Supplied information:
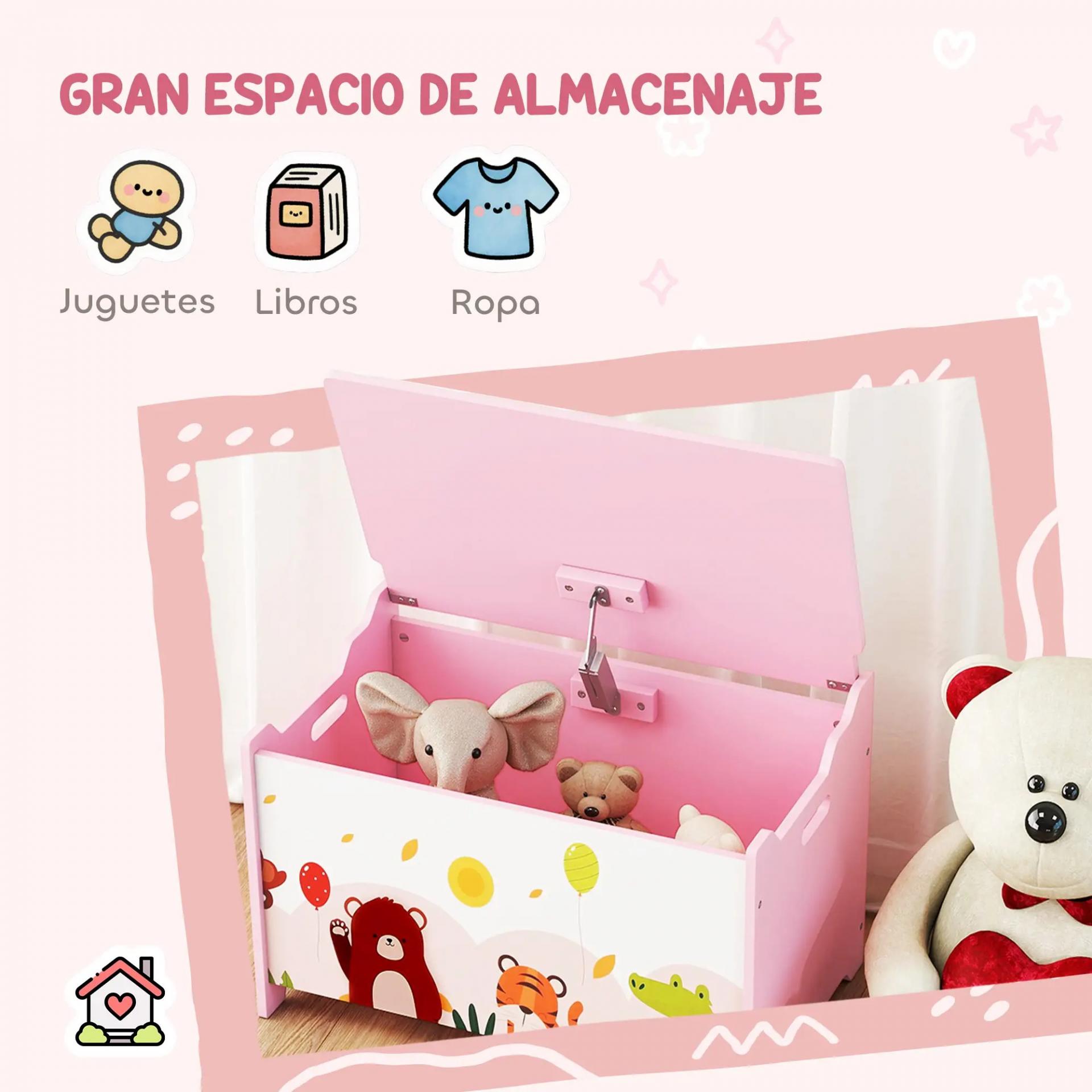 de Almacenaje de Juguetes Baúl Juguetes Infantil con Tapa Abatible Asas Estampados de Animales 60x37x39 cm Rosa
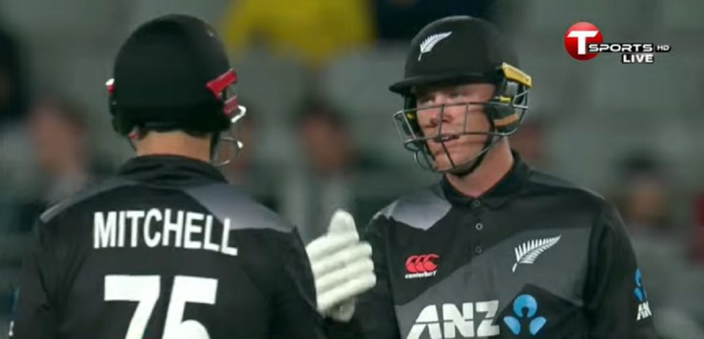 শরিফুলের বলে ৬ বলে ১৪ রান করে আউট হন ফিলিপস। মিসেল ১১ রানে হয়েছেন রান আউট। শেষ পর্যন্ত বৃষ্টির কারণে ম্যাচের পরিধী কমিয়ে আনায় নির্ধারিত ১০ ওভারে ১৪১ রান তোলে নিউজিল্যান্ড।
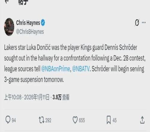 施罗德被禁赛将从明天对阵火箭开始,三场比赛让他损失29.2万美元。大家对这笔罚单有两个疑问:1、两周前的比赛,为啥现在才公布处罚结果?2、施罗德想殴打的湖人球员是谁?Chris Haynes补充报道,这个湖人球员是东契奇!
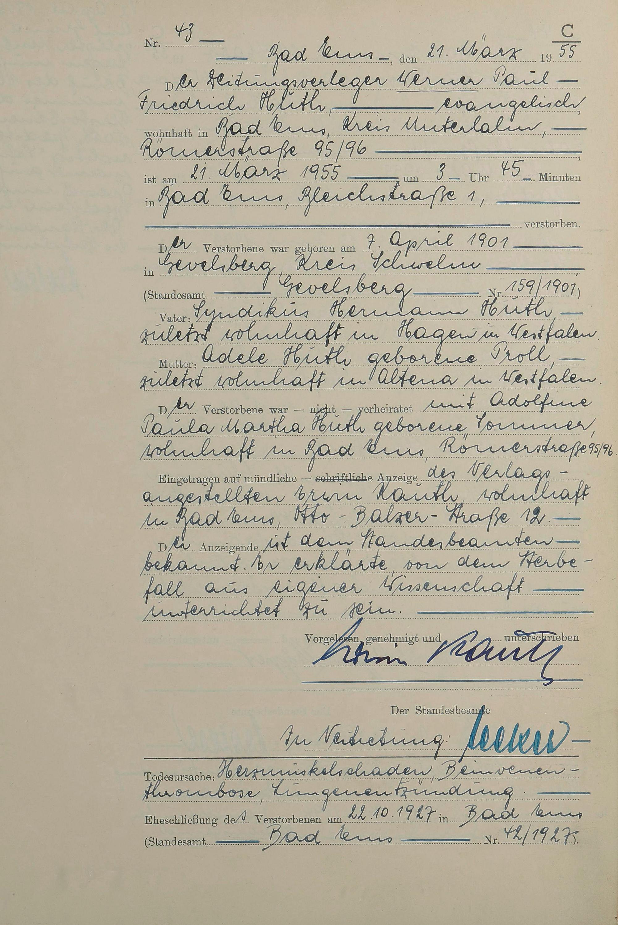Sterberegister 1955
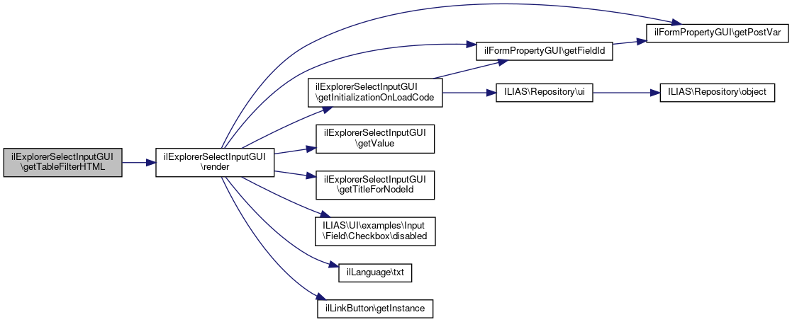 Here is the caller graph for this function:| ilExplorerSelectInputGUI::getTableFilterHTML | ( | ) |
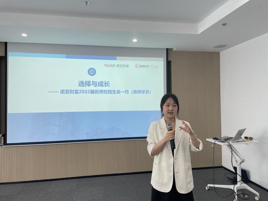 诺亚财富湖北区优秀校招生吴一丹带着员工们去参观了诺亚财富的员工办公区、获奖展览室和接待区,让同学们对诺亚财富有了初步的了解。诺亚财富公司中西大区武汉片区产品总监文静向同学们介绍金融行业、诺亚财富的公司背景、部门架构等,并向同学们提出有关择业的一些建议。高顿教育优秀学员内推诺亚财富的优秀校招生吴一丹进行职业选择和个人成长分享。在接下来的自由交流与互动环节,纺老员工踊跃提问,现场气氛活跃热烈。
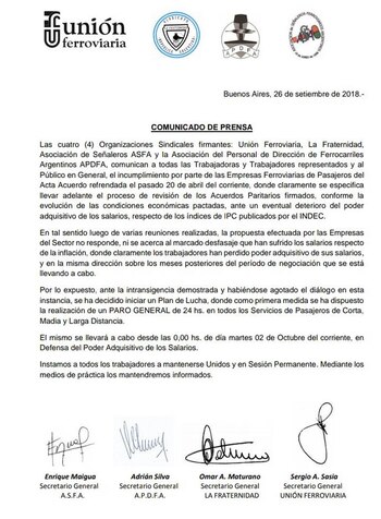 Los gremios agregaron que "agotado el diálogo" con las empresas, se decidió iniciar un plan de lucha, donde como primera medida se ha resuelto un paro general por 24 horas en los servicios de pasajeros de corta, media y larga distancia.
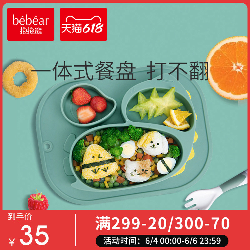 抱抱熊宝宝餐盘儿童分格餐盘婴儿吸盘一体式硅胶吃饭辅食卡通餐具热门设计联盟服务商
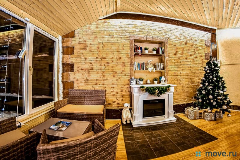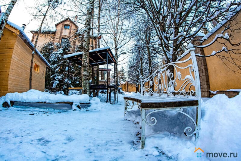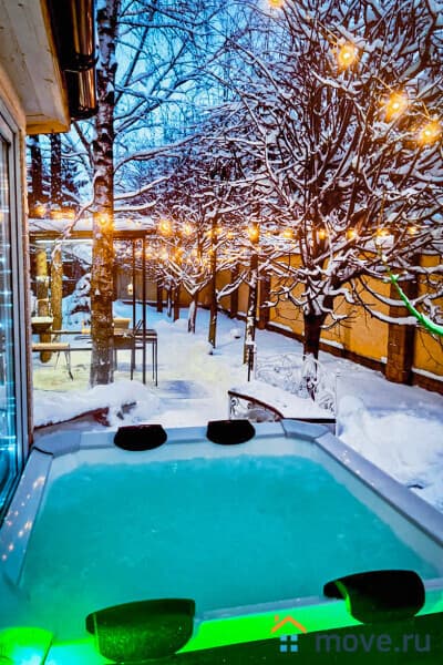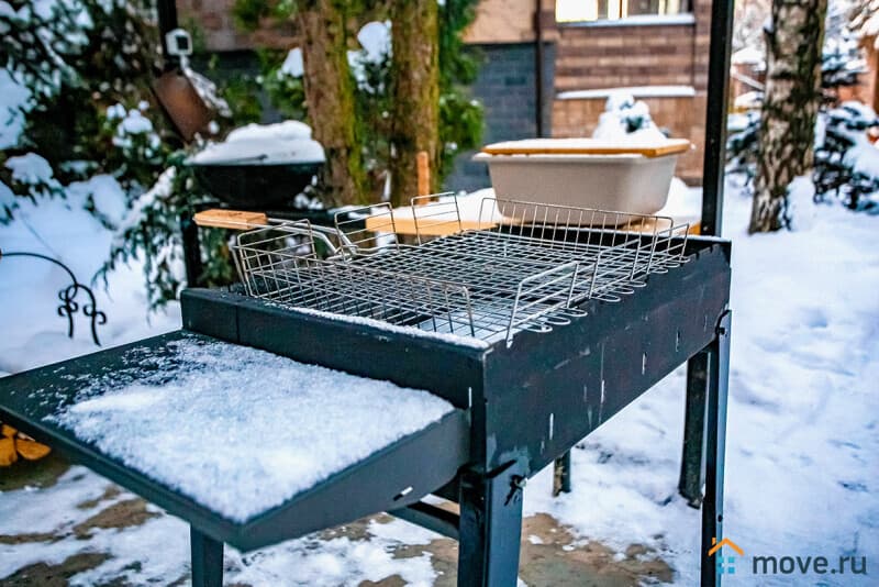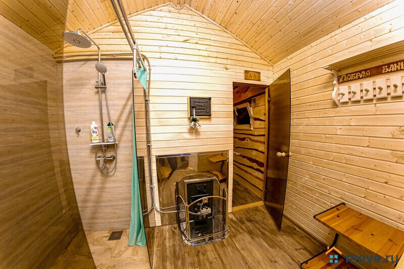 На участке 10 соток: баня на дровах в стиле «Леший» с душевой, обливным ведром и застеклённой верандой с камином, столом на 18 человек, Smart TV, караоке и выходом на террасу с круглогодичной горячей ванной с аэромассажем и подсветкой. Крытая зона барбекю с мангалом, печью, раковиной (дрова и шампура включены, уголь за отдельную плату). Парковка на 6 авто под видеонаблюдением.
--
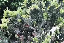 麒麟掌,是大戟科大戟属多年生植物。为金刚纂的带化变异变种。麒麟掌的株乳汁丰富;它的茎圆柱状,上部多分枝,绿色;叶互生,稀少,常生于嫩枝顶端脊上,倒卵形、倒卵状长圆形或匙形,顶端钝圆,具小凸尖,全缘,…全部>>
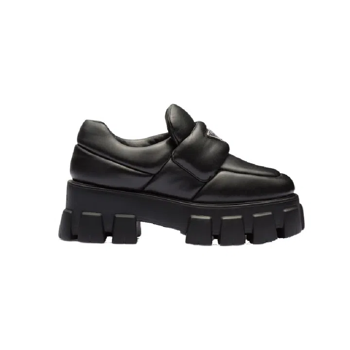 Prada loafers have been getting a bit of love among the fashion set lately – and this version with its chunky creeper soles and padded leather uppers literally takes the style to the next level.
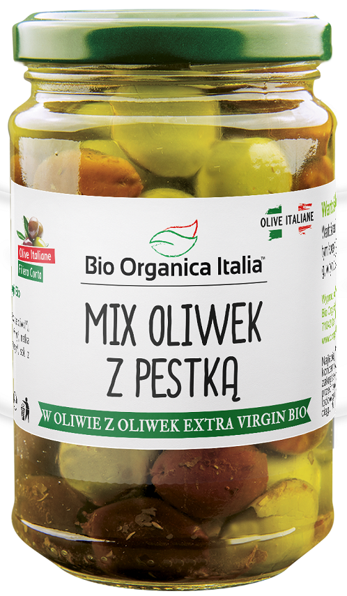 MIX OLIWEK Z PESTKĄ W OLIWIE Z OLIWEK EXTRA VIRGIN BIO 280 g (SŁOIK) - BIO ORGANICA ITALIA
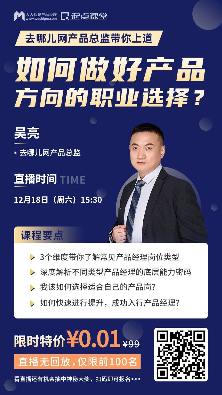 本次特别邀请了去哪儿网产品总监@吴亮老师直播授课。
==
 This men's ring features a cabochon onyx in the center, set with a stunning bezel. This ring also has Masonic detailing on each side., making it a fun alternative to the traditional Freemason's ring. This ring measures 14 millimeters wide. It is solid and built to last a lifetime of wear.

Problem to work on:
Drop the pictures; return the lines above from the line containing "诺亚财富湖北区优秀校招生吴一" to the line containing "На участке 10", both included, exactly.

Answer space:
 诺亚财富湖北区优秀校招生吴一丹带着员工们去参观了诺亚财富的员工办公区、获奖展览室和接待区,让同学们对诺亚财富有了初步的了解。诺亚财富公司中西大区武汉片区产品总监文静向同学们介绍金融行业、诺亚财富的公司背景、部门架构等,并向同学们提出有关择业的一些建议。高顿教育优秀学员内推诺亚财富的优秀校招生吴一丹进行职业选择和个人成长分享。在接下来的自由交流与互动环节,纺老员工踊跃提问,现场气氛活跃热烈。
 Los gremios agregaron que "agotado el diálogo" con las empresas, se decidió iniciar un plan de lucha, donde como primera medida se ha resuelto un paro general por 24 horas en los servicios de pasajeros de corta, media y larga distancia.
 抱抱熊宝宝餐盘儿童分格餐盘婴儿吸盘一体式硅胶吃饭辅食卡通餐具热门设计联盟服务商
 На участке 10 соток: баня на дровах в стиле «Леший» с душевой, обливным ведром и застеклённой верандой с камином, столом на 18 человек, Smart TV, караоке и выходом на террасу с круглогодичной горячей ванной с аэромассажем и подсветкой. Крытая зона барбекю с мангалом, печью, раковиной (дрова и шампура включены, уголь за отдельную плату). Парковка на 6 авто под видеонаблюдением.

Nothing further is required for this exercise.